Дабл сабмит что это
Двойное Представление Образца Печенья
Дата публикации Oct 3, 2019
Нежелательным действием может быть изменение учетных данных пользователя, перевод средств или возможность получить полный доступ через учетную запись пользователя.
Чтобы предотвратить атаку CSRF, мы можем использовать либо шаблон Double Submit Cookie, либо Synchronizer Token Pattern.
В этом посте я собираюсь обсудить шаблон Double Submit Cookie.
Шаблон cookie с двойной передачей использует файлы cookie для сохранения токенов CSRF и не требует сохранения каких-либо записей токенов в памяти сервера.
При успешном входе пользователя в клиентское приложение сервер создает файл cookie, содержащий токен CSRF, и файл cookie отправляется клиенту вместе с ответом об успешном выполнении. После получения файла cookie клиент получает значение токена CSRF и вставляет его в скрытое поле. Затем клиент прикрепит это значение токена CSRF к каждому запросу, отправляемому на сервер. Для этого браузер клиента должен запомнить значение токена.

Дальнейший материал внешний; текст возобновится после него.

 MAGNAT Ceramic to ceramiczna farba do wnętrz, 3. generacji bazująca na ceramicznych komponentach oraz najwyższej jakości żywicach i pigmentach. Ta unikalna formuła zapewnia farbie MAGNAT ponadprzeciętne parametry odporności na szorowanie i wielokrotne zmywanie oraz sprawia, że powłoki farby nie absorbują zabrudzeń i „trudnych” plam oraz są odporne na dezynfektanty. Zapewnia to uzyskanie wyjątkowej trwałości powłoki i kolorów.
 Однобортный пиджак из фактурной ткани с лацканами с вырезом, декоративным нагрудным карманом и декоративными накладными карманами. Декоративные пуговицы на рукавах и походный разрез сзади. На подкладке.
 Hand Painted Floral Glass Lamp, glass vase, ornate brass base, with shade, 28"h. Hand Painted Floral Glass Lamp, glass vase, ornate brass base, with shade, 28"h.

Запросы, сделанные клиентом, содержат токен как в файле cookie, так и в теле запроса. Таким образом, когда сервер получает запрос, он получает два значения токена из файла cookie, а также из тела. Затем он сравнит их, прежде чем предпринимать действия. Если оба значения совпадают, произойдут дальнейшие манипуляции и соответствующий ответ будет отправлен клиенту. В противном случае сервер выдаст ошибку.
Здесь у меня есть пример PHP-приложения, которое реализовано для демонстрации описанного выше процесса шаблона двойной отправки cookie.

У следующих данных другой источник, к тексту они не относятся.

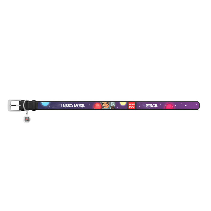 Нашийник для собак шкіряний WAUDOG Design з QR паспортом, малюнок "Більше космосу", L, Ш 25 мм, Дов 37-48 см чорний
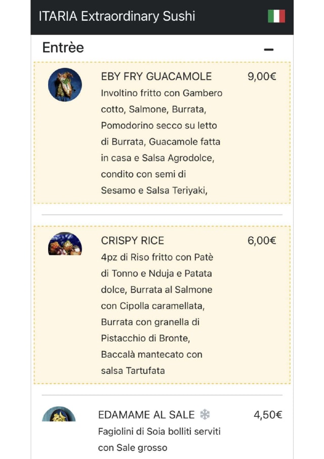 10/10The food was excellent and really taken care. Every single detail was carefully choose and the waiter explained us everything really professionally. Is defined a must go if you like an Italian definition of sushi!!
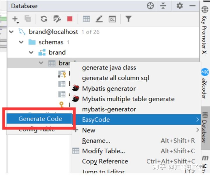 右击表名->Easy Code->Generate Code
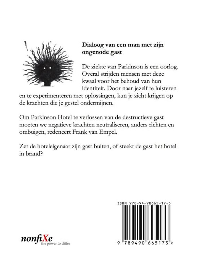 Om Parkinson Hotel te verlossen van de destructieve gast moeten we negatieve krachten neutraliseren, anders richten en ombuigen, redeneert Frank van Empel. Hij voert hiertoe een felle dialoog met zijn ongenode gast: Parkie.
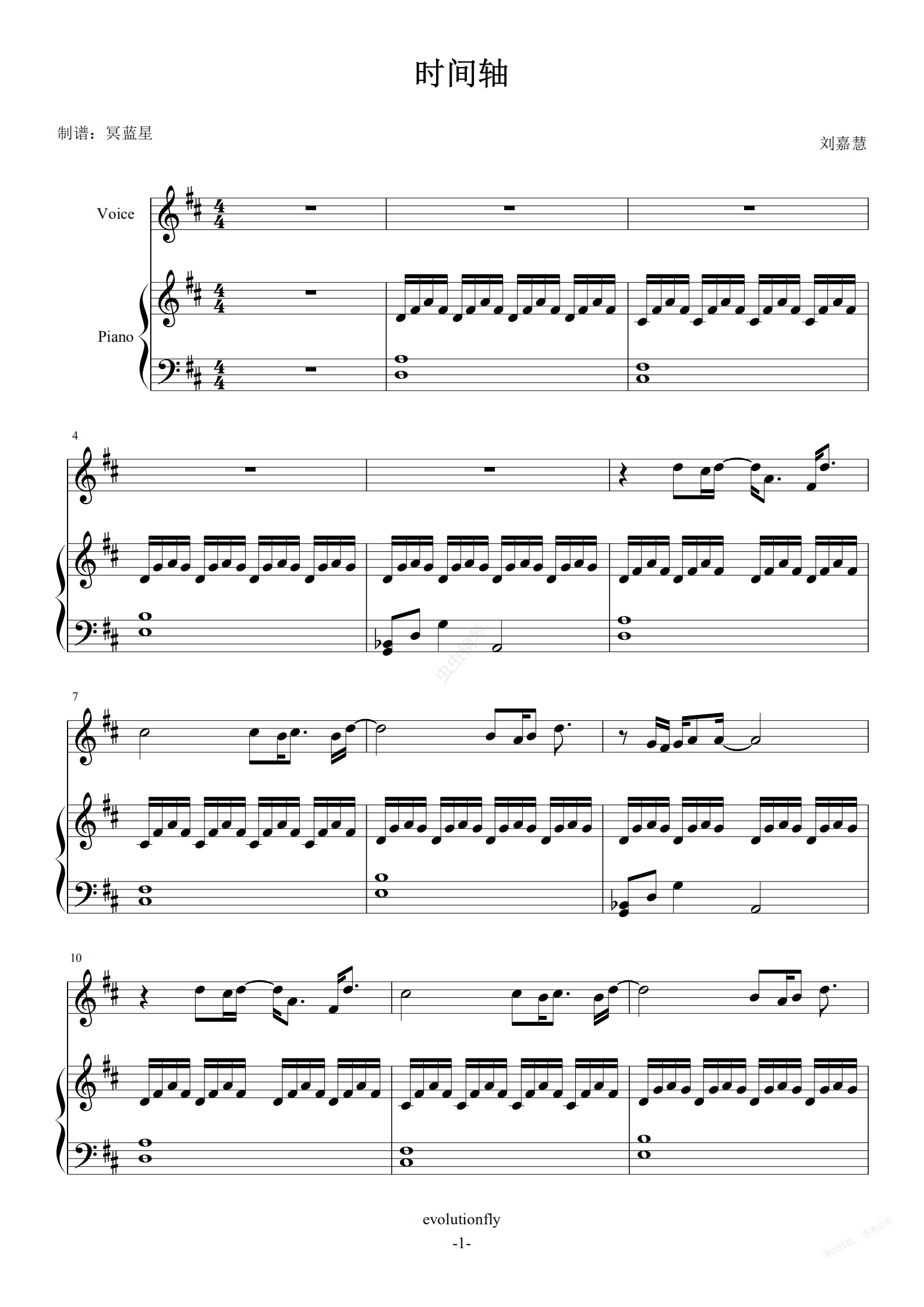 钢琴谱:时间轴-刘嘉慧-伴奏谱

Сначала пользователь должен войти в веб-приложение, используя свое имя пользователя и пароль. В моем коде я жестко закодировал учетные данные (username = «admin» / password = «admin123») для демонстрации.
После успешного входа в приложение оно перенаправит вас на страницу перевода денег (counter.php), где вы сможете перевести деньги на другой счет.
В то же время токен CSRF будет сгенерирован и сохранен в файле cookie в браузере. Также будет сгенерирован идентификатор сеанса и установлен как cookie.
Когда страница денежного перевода загружается, она считывает значение cookie, а также значение токена, которое находится в теле, и получает токен CSRF и устанавливает его значение для скрытого текстового поля в форме.
Затем полученные два значения будут сравниваться, если они совпадают друг с другом, будет отображаться сообщение об успехе. Если нет, появится сообщение об ошибке.
Методы защиты от CSRF-атаки
Что такое CSRF атака?
Ознакомиться с самой идеей атаки CSRF можно на классических ресурсах:
Выдержка из ответа на SO:
Как от нее защититься?
Эффективным и общепринятым на сегодня способом защиты от CSRF-Атаки является токен. Под токеном имеется в виду случайный набор байт, который сервер передает клиенту, а клиент возвращает серверу.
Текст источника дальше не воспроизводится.